A Hybrid Framework for Efficient Koopman Operator Learning
Alexander Estornell, Leonard Jung, Alenna Spiro, Mario Sznaier, Michael Everett
TL;DR
This work tackles the challenge of learning Koopman representations for nonlinear dynamics by blending semidefinite programming with learning-based embeddings. The authors first use an SDP to estimate the observable space, memory, and a provisional Koopman operator, then train an autoencoder to learn efficient forward and inverse mappings that realize a linear propagation in a learned latent space. The proposed two-stage approach reduces the reliance on extensive hyperparameter tuning and improves prediction accuracy and training efficiency, especially in chaotic systems like the Lorenz attractor.

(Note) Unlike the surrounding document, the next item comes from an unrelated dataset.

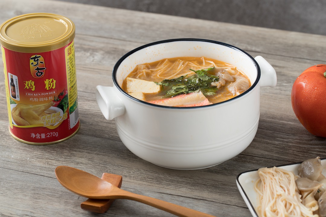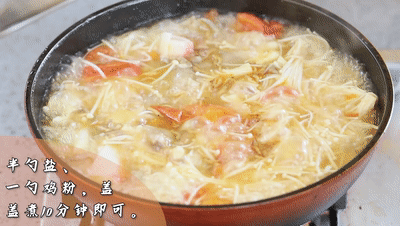 豆腐、蟹柳棒、秀珍菇、金針菇、番茄(qie)、蝦(xia)米、香菜、姜蒜
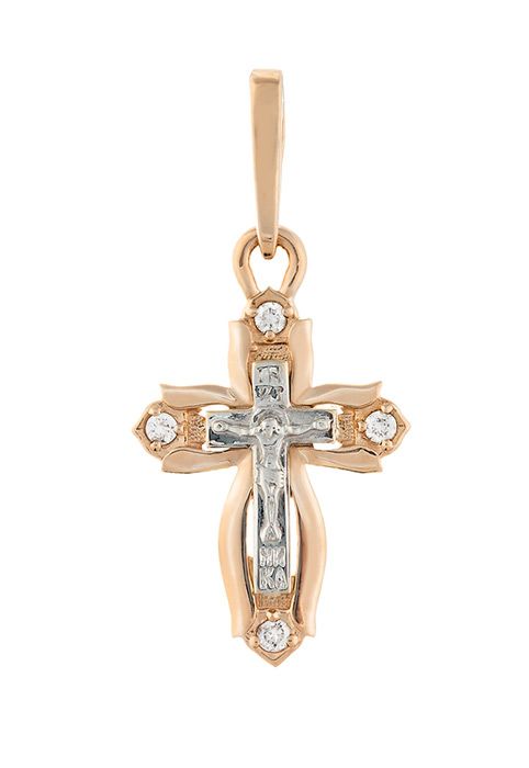 Крестик с комбинацией красного, белого золота и бриллиантов. Крест соответствует православным канонам и освящен. Небольшой размер крестика делает его отличным подарком на крещение ребенка.

The results show that SDP-informed spectral configurations and memory selection significantly enhance one-step predictions and trajectory fidelity, offering a practical pathway to scalable Koopman-based modeling for complex dynamical systems.
Abstract
Koopman analysis of a general dynamics system provides a linear Koopman operator and an embedded eigenfunction space, enabling the application of standard techniques from linear analysis. However, in practice, deriving exact operators and mappings for the observable space is intractable, and deriving an approximation or expressive subset of these functions is challenging. Programmatic methods often rely on system-specific parameters and may scale poorly in both time and space, while learning-based approaches depend heavily on difficult-to-know hyperparameters, such as the dimension of the observable space. To address the limitations of both methods, we propose a hybrid framework that uses semidefinite programming to find a representation of the linear operator, then learns an approximate mapping into and out of the space that the operator propagates. This approach enables efficient learning of the operator and explicit mappings while reducing the need for specifying the unknown structure ahead of time.